Q: How often do scouts watch matches and when in the season is it most likely?

During the season, scouts are always out at games every weekend, but it is impossible to be everywhere! Possibly the most likely opportunity of being 'scouted' would be in tournament or festival settings, where scouts are able to cast their eyes over a large volume of players all in one setting. Towards the end of the season, these tournaments seem to be most frequent. 

It is very common to get the recurrent 'are you a scout?' question from players, who are very keen to make an impression. Although, parents who come and stand next to you on the side of the pitch, and try to highlight whenever the player does something well, can be quite distracting!

Q: Can you share an example of a success story?

At a youth tournament, a good 8-9 years ago now, there was an Under-7 who was playing on an Under-9s pitch and was absolutely electric. He scored a ridiculous number of goals on the day, and was absolutely everywhere on the pitch, so it was hard not to take notice of his ability and potential! There were probably scouts from 4/5 different clubs who were unsurprisingly interested off the back of his performances and invited him in on a trial. Fast-forward to today, and he is still going very strong - turning out some excellent performances for one of the leading Category One Academies in England at the age of 16.

Q: If you could give 3 pieces of simple advice to a child hoping to impress a scout, what would you say?

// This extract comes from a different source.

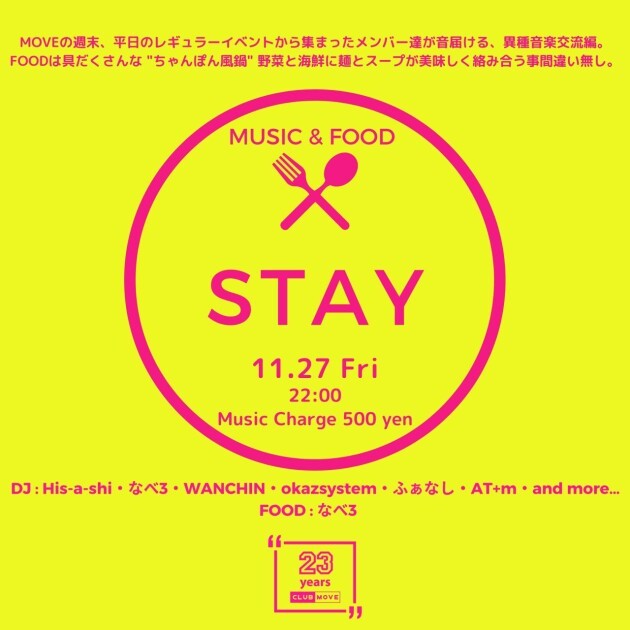 DJ : His-a-shi / なべ3 / WANCHIN / okazsystem / ふぁなし / AT+m / and more…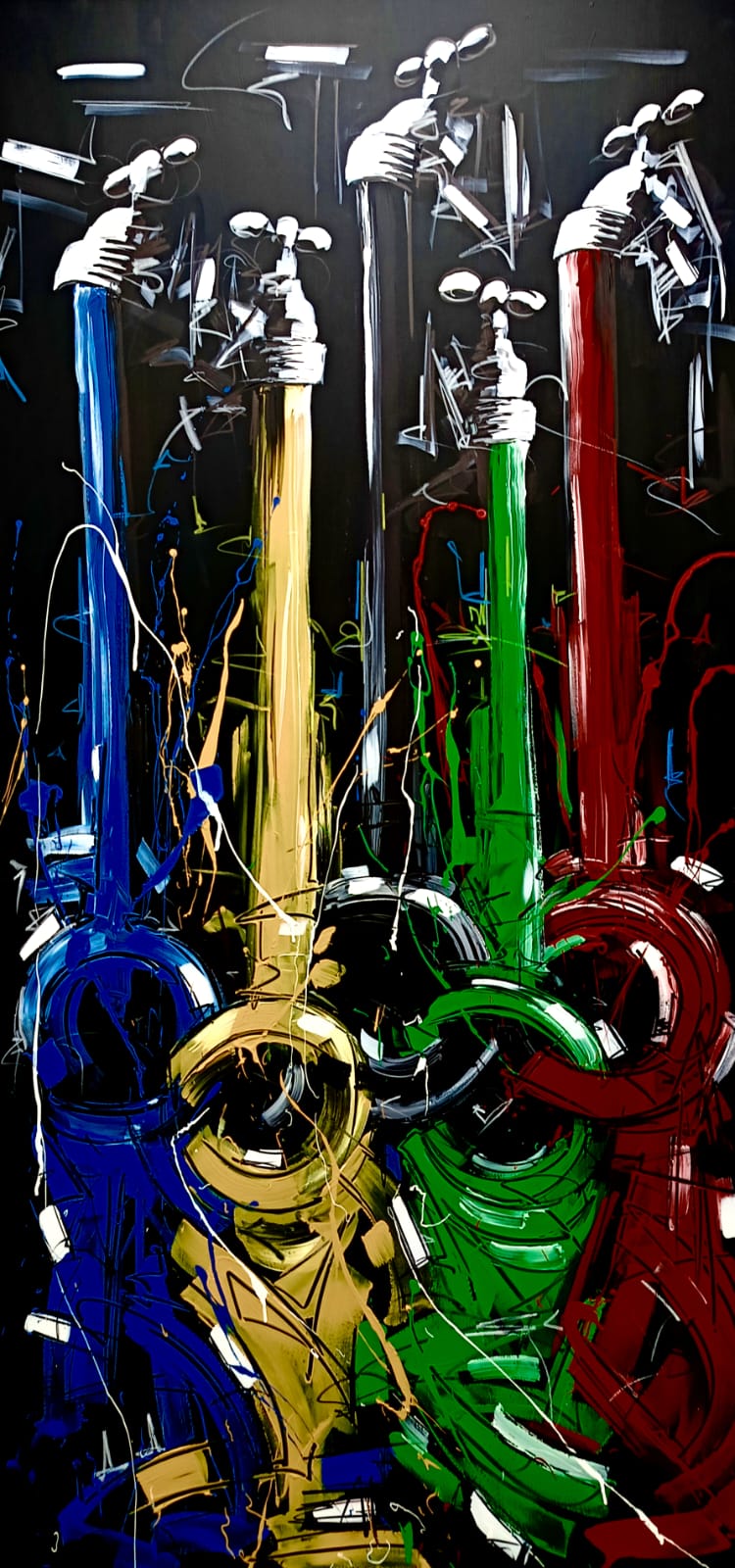 Nel murale, Tamburro raffigura cinque rubinetti — elemento iconografico ricorrente nel suo lavoro — da cui scorre acqua colorata che, trasformandosi in cerchi intersecati, genera il simbolo olimpico. Nella parte inferiore, i colori si espandono su uno sfondo nero in un’esplosione visiva di energia. È un’immagine di potenza vitale, costruita con un segno deciso e una velocità esecutiva che è cifra essenziale della poetica dell’artista: una celebrazione del movimento, della forza, della vita stessa.

  1. Play your own game! Each player is different and has their own strengths; not all clubs look for exactly the same thing. 
  2. Be patient! I know plenty of players who have had their opportunity come later down the line, as each player develops differently.
  3. Keep working hard! Train to your maximum and work with your coaches. This will help to develop your 'weaker areas' and make your strengths even more positive. 

We asked the same question to Sam Jones, grassroots coach for the Tower Hill Vixens U8's, and he said he tells his players 3 key things.

  1. Relax, the scouts are there because they are interested already so don't try too hard!
  2. Put the hours in off the pitch; practice the basics until they are second nature and the game becomes easier.
  3. They are looking at how you play in a team, so remember you can't do it alone!